I'd rather stick the NAS directly on a router or another piece of wired equipment - otherwise any access is halving your wireless bandwidth (at least if your other equipment is wireless). That's the whole point of autonomous storage that you can place anywhere on the network, right?

I have an Infrant (Netgear) ReadyNAS NV+ connected to a D-Link DIR-655 gigabit/802.11n router and it's great. $1500 or so at the moment with 4x500GB drives. Streams to every device imaginable (especially when you install TwonkyMedia) and supports rsync/AFP/SMB/NFS/HTTP(S), and so on.
posted by kcm at 8:38 AM on August 28, 2007


The DSM-G600 has some third-party firmware that makes it into a bittorrent peer, which I think places it firmly in "general purpose computer / server" territory, no longer merely a storage device. But whatever.

Is iTunes library support equivalent to UPnP media server support? Because it does that too. It's BYOD, and available in the $130 range. (Kicking myself for not having picked one up when CompUSA was dumping theirs for $80!)
posted by Myself at 5:15 PM on August 28, 2007


I doubt you're going to find many NASs proper that do Wifi, they're generally geared towards wired LANs.

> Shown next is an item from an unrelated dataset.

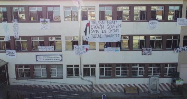 İsrail'in hain saldırılarına karşı okul öğrencileri tarafından hazırlanan pankartlarla ezgi eşliğinde yapılan gösterinin ardından, gelirlerinin tamamını Filistin'e bağışlanmak üzere okulda kermes düzenlendi.

Adding a WRT-54g or similar will only run you another $50 or so, and in the realm of ~1TB NAS boxes that's an incidental expense.

I second the Infrant/Netgear ReadyNAS series, I have an old X6 that's working well, but they're certainly not cheap. The "old PC running Linux/BSD and lots of drives" trick is definitely the lowest-capital way, but running a whole PC might bump your power bill a bit.
posted by Skorgu at 6:25 PM on August 28, 2007


I tried to find a 1TB+ NAS for the longest time with your requirements (-the iTunes Library support) and never came up with anything I liked, so I built my own. This might not be a possibility for you if you're not comfortable with it, but I got all the features I wanted and more for much less money. I built mine about a year ago, but here's a quick list I came up from searching newegg.com and zipzoomfly.com if I were building one now.

Case: COOLER MASTER Centurion 5 CAC-T05-UWC - $95 (something with 4 internal 3.5 Bays w/ 350W+ Power Supply)
CPU: Intel Celeron D 336 - $45 (something cheap, mostly just serving files)
Mobo: ECS 945GZT-M - $50 (compatible mobo w/ onboard video [for setup] and PCI E for RAID card)
RAM: 1G DDR2 PC4200 533mhz - $40 x2 = $80 (compatible ram)
Boot Hard Drive: 40-80GB SATA II - ~$50 (I had one laying around)
Storage Hard Drives: WD Caviar SE16 WD5000KS 500GB - $130 x3 = $390 (run in RAID5 for 1TB w/redundancy [you can lose 1 hard drive and not lose data, just make sure you get a replacement before you lose another])
Raid Controller: HighPoint RocketRAID 2310 PCI Express x4 (x8 and x16) SATA II RAID 0/1/5/10 JBOD - $155
Wireless Card: EDIMAX EW-7128G PCI Wireless Card - $25

Grand total: $891 for a 1TB file server. Add $130 for another drive and get 1.5TB for just over a grand, this is what I decided to do. But then you'll need a case with 5 internal 3.5 bays.

You will need a monitor and cd/dvd drive to set it up, but I have mine in a closet with a power cord connected and that's it. I have Windows XP installed so I just use remote desktop to control it, but many people prefer VNC of one flavor or another.